Se pensarmos na natureza real da guerra e nos lembrarmos do que foi dito no cap. III deste livro, que qualquer guerra deveria ser considerada, antes de mais, de acordo com as probabilidades do seu carácter, e os seus traços essenciais com o que deles puder ser deduzido a partir das forças e proporções políticas, e que muitas vezes – na verdade, nos nossos dias podemos com segurança afirmar, quase sempre – a guerra deve ser considerada como um todo orgânico. Do qual não se podem isolar os ramos separadamente, em que, porta o, qualquer actividade individual flui para o todo e tem também sua origem na ideia desse todo, então tornar-se-á certo e palpável para nós que o superior ponto de partida para a condução da guerra, de onde devem proceder as suas linhas gerais, não pode ser outro que não a política.

É desse ponto de vista que jorram os planos, como se de um mote; então, torna-se mais fácil e natural a sua apreensão e julgamento; as nossas convicções, respeitando-os, ganham em força, os motivos são mais satisfatórios e a história mais inteligível.

Em todo o caso, com este ponto de vista, já não há na natureza das coisas um conflito necessário entre os interesses políticos e militares e onde parecer que existe, deve ser considerado apenas como conhecimento imperfeito. A hipótese de que a política faz à guerra exigências que ela não pode satisfazer, seria contrária à suposição de que a política conhece o instrumento que vai usar, logo contrária a uma suposição natural e indispensável. Mas se a política calcula correctamente a marcha dos acontecimentos militares é assunto inteiramente seu determinar quais os acontecimentos e qual a direcção dos acontecimentos mais favoráveis ao grande objectivo último da guerra.

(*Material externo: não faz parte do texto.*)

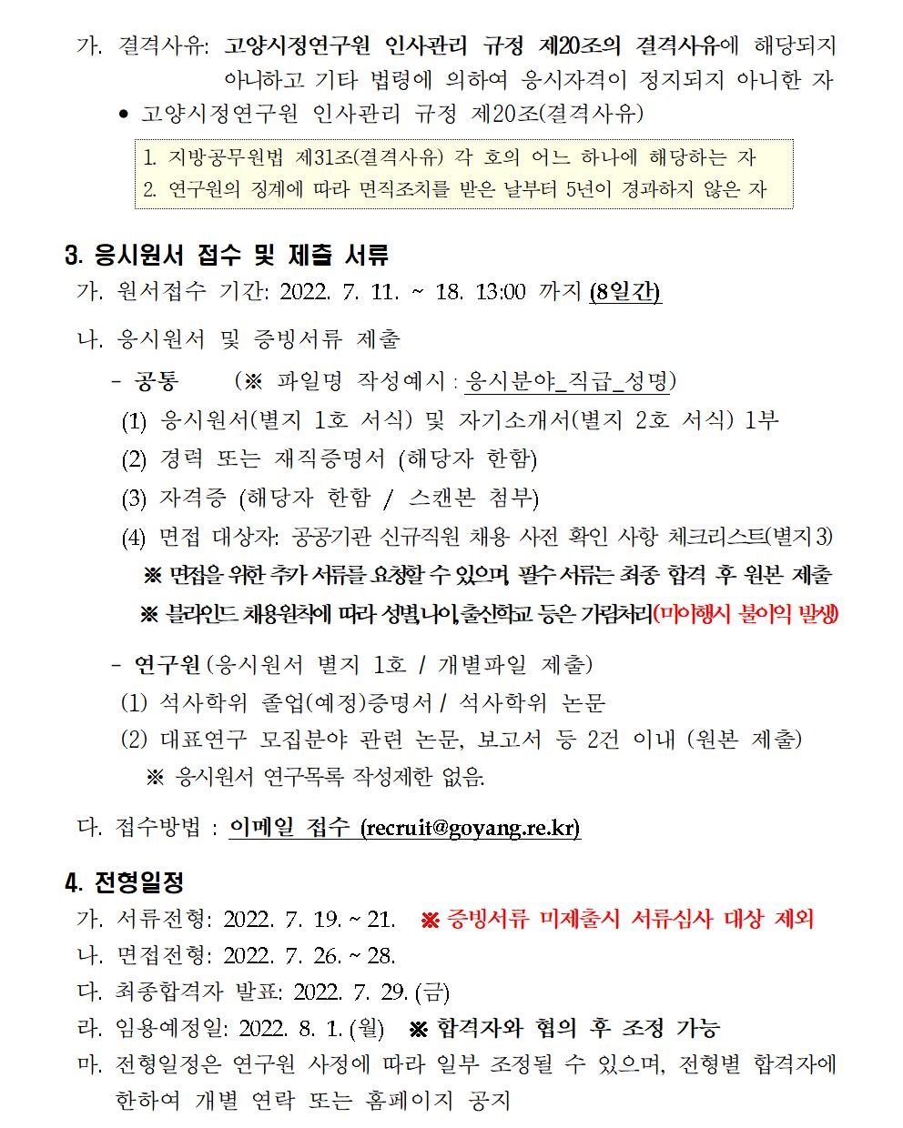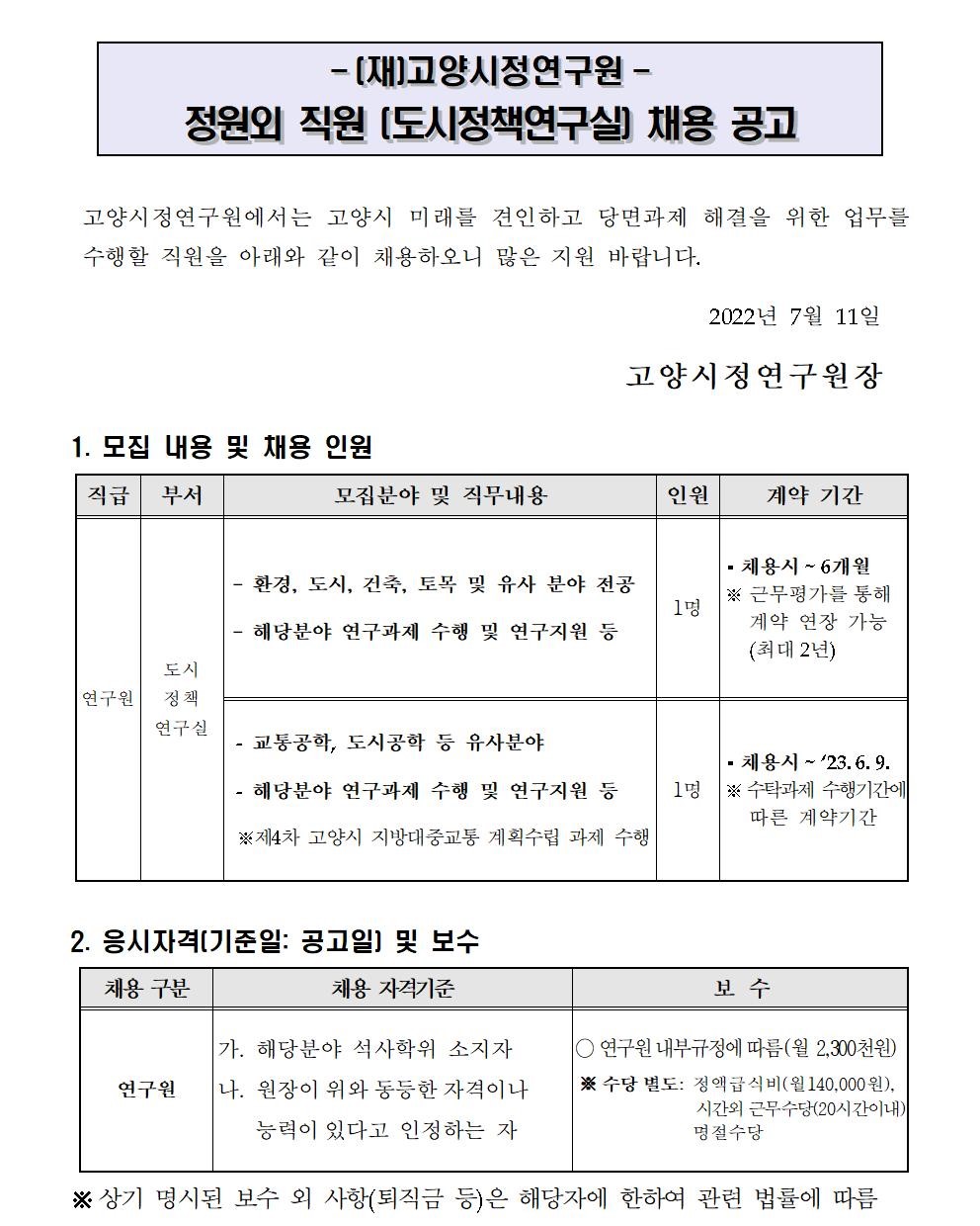 [제2022-29호] 고양시정연구원 정원외 직원(도시정책연구실) 채용 공고

Numa palavra, a arte da guerra no seu ponto máximo é a política mas, sem dúvida, uma política que trava batalhas em vez de escrever actas.

De acordo com este ponto de vista, entregar um grande empreendimento militar, ou o plano para ele, a um julgamento e decisão puramente militares é uma distinção que se não pode permitir, que é mesmo prejudicial; na verdade, é um procedimento irracional consultar soldados profissionais sobre o plano de uma guerra, para que dêem uma opinião puramente militar acerca do que o Gabinete deveria fazer; mas mais absurdo ainda é a exigência dos teóricos de que se apresente ao general uma declaração de todos os meios de guerra disponíveis, para que, de acordo com esses meios, ele trace um plano puramente militar para a guerra ou uma campanha. Em geral, a experiência ensina-nos também que, apesar da multiplicidade dos ramos e do carácter científico da arte militar dos nossos dias, contudo sempre as linhas essenciais de uma guerra são determinadas pelo Gabinete ou, para empregar uma linguagem mais técnica, por um órgão político e não militar.

Isto é perfeitamente natural. Nenhum dos principais planos exigidos por uma guerra pode ser feito sem considerar as relações políticas; e, na realidade, quando as pessoas, como muitas vezes acontece, falam da influência perniciosa da política sobre a condução da guerra, estão na verdade a dizer algo de muito diferente daquilo que pretendem. Não é nesta influência que se deve ver o mal, mas na própria política. Se a política está certa, ou seja, se consegue acertar no objectivo, então só pode actuar na guerra com vantagem. Se esta influência da política causa divergências a respeito do objectivo, a causa só pode ser procurada numa política errada.